SR Linux is a suite of applications running like any others would in a Linux environment. The applications communicate with the IDB to process configuration and state. SR Linux applications and IDB shows the relationship between the IDB and the applications that run in SR Linux.

Messaging between applications is controlled by IDB, and configuration via supported APIs is controlled by the management server application.

SR Linux applications describes the key SR Linux applications. Use the show system application CLI command to display information about all applications running on the system.

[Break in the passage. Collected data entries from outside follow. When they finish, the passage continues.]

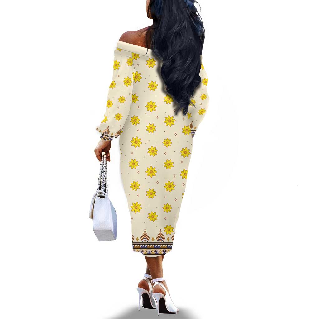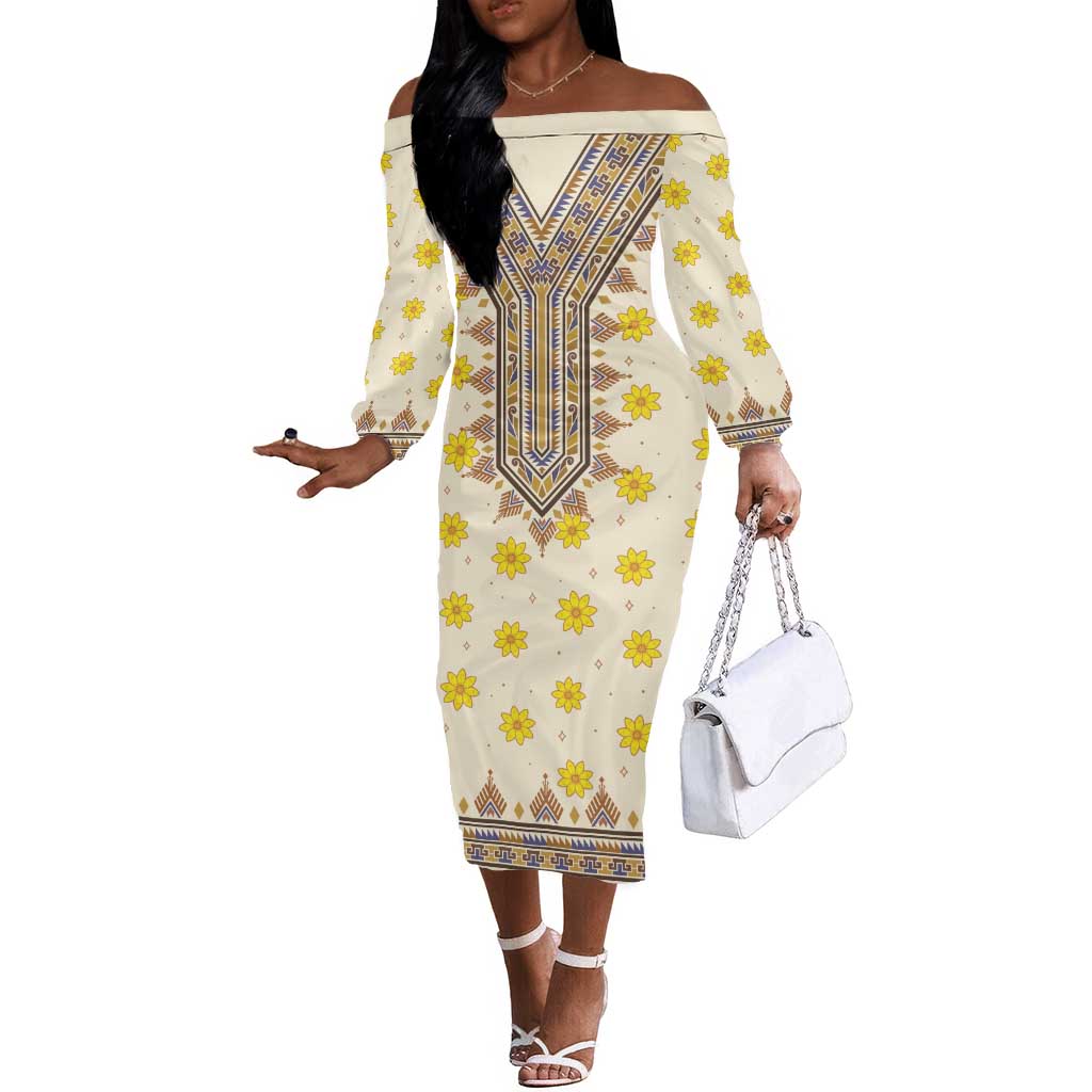 Enkutatash Dashiki Adey Abeba Pattern Off The Shoulder Long Sleeve Dress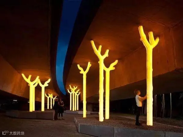悉尼Aspire lighting项目是一个发光的树林,由高密度聚乙烯、钢铁和LED灯构成,这一设计焕发了高速公路地下通道的生机,并可用于支撑高速公路上面的道路。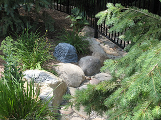 The audio company first suggested outdoor speakers mounted under the eave of the house. But to balance the sound out into the yard they installed “rock-speakers” in the landscape. Rock-speakers are offered in a few different styles and colors, and I assure you they sound better than they look:)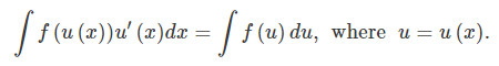 만약 u=g(x)가 구간 I를 치역으로 갖는 미분가능함수이고, f가 I위에서 연속이면 다음과 같다.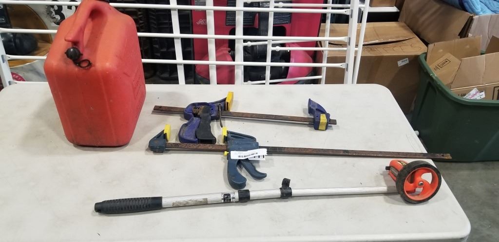 JERRY CAN, CLAMPS, AND LENGTH MEASURING TOOL

Table 1. SR Linux applications

Application name	Description
IDB	Controls messaging between SR Linux applications.
mgmt_server	Controls interaction between external APIs and the IDB, handles application-specific YANG models, and translates them into protobufs for IDB. See SR Linux management server.
aaa_mgr	Performs AAA for end users connecting to the system.
fib_mgr	Responsible for route resolution and route selection.
lldp_mgr	Responsible for sending and receiving LLDP packets via XDP.
static_route_mgr	Creates/updates/deletes static routes.
arp_nd_mgr	Responsible for ARP resolution for IPv4 and Neighbor Discovery for IPv6.
bgp_mgr	Runs the BGP control plane.
chassis_mgr	Monitors interface/subinterface state and synchronizes interfaces between Linux and the ASIC.
xdp_mgr	Handles data path programming. The xdp_mgr runs on each line card and is split into two components: platform independent and platform dependent. The platform-independent component handles communication between IDB and the ASIC, and the platform-dependent component is an extensible framework for plugging in data plane programming software.
linux_mgr	Creates routes and neighbors in Linux. As control packets enter the Linux host (and kernel), the Linux network stack responds to them. Synchronizing routes and neighbors to Linux stops Linux from ARPing/routing via the default gateway when routes exist at the data plane but not within Linux.
plcy_mgr	Enforces routing policies.
app_mgr	Monitors the health of the processes running SR Linux applications, and restarts them if they fail.
net_inst_mgr	Synchronizes VRFs between the switch ASIC and Linux.
log_mgr	Controls the log infrastructure, implemented by rsyslog.
acl_mgr	Controls ACLs in the system, both on the Linux host and on the CPM.
bfd_mgr	Controls BFD sessions on the system.

IDB stores data as protobufs. Protobufs use a .proto file to define how data is structured. Protobufs are not human-readable, but an IDB client is provided with the IDB server, which allows you to read from different topics, decoding the protobuf in real time.